Current manual workflow

Every request goes to one large model regardless of difficulty, and cost and latency are reviewed monthly after the bill arrives, with no per-request complexity signal.

The AI workflow to build

The middleware scores each request for predicted complexity, routes simple requests to a small model and hard ones to a large model, and falls back to the large model when a small-model output fails a quality check.

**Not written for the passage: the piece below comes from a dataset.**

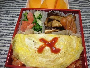 オムライス ウィンナー 生椎茸の焼きびたし ぶりの照り焼き ブロッコリーとスモークサーモンのマリネ 柿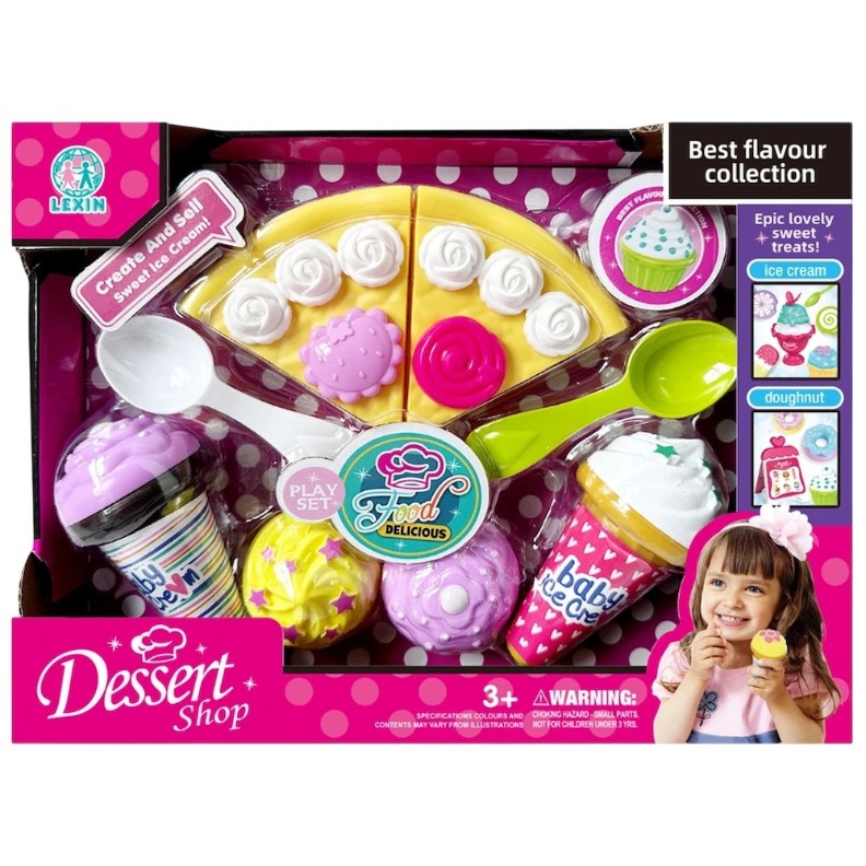 Un set adorabil si interactiv, cu o varietate de inghetate si tort de jucarie, impreuna cu ustensile specifice pentru a le ,,pregati" si "servi". Fiecare detaliu este atent realizat pentru a adauga realism jocului si pentru a incuraja copiii sa invete despre alimentatie, interactiuni sociale si sa simuleze experiente cotidiene. Este un cadou ideal pentru orice copil care adora sa se joace de-a patiseria sau sa organizeze petreceri de bucate delicioase!

It logs cost, latency, and a quality score per request and reports the aggregate tradeoff against an all-large baseline.

Inputs

  • a request stream with mixed difficulty
  • two or more candidate models
  • a quality check or rubric
  • a quality floor configuration

Outputs

  • a per-request routing decision
  • cost, latency, and quality logs
  • an aggregate tradeoff report against the all-large baseline

Definition of done

On a synthetic request stream with labeled easy and hard items, the router cuts cost and latency against the all-large baseline while holding aggregate quality at or above the configured floor, and escalates failed small-model outputs to the large model rather than shipping them.

Example input

A batch of 1000 requests, 70 percent simple lookups and 30 percent multi-step reasoning, with an all-large baseline cost and quality recorded.

Example output

Report: cost down 58 percent, p95 latency down 40 percent, aggregate quality within 1 point of baseline, 4 percent of small-model outputs escalated to large on a failed quality check.

Data plan

synthetic data

Boundaries and non-goals

  • training a router model from scratch
  • real production traffic
  • provider billing integration

Evaluation ideas

  • cost and latency reduction against baseline
  • quality floor adherence
  • escalation precision
  • routing accuracy on labeled difficulty

Run Level target

R3 Reliable Plain translation: handles real cases.

Scope envelope

Buildable by one solo builder in 20 to 30 focused hours, on public, synthetic, or sanitized data, with a demo path that requires no production access.

Suggested tools

Suggested options, never requirements; briefs are tool-agnostic.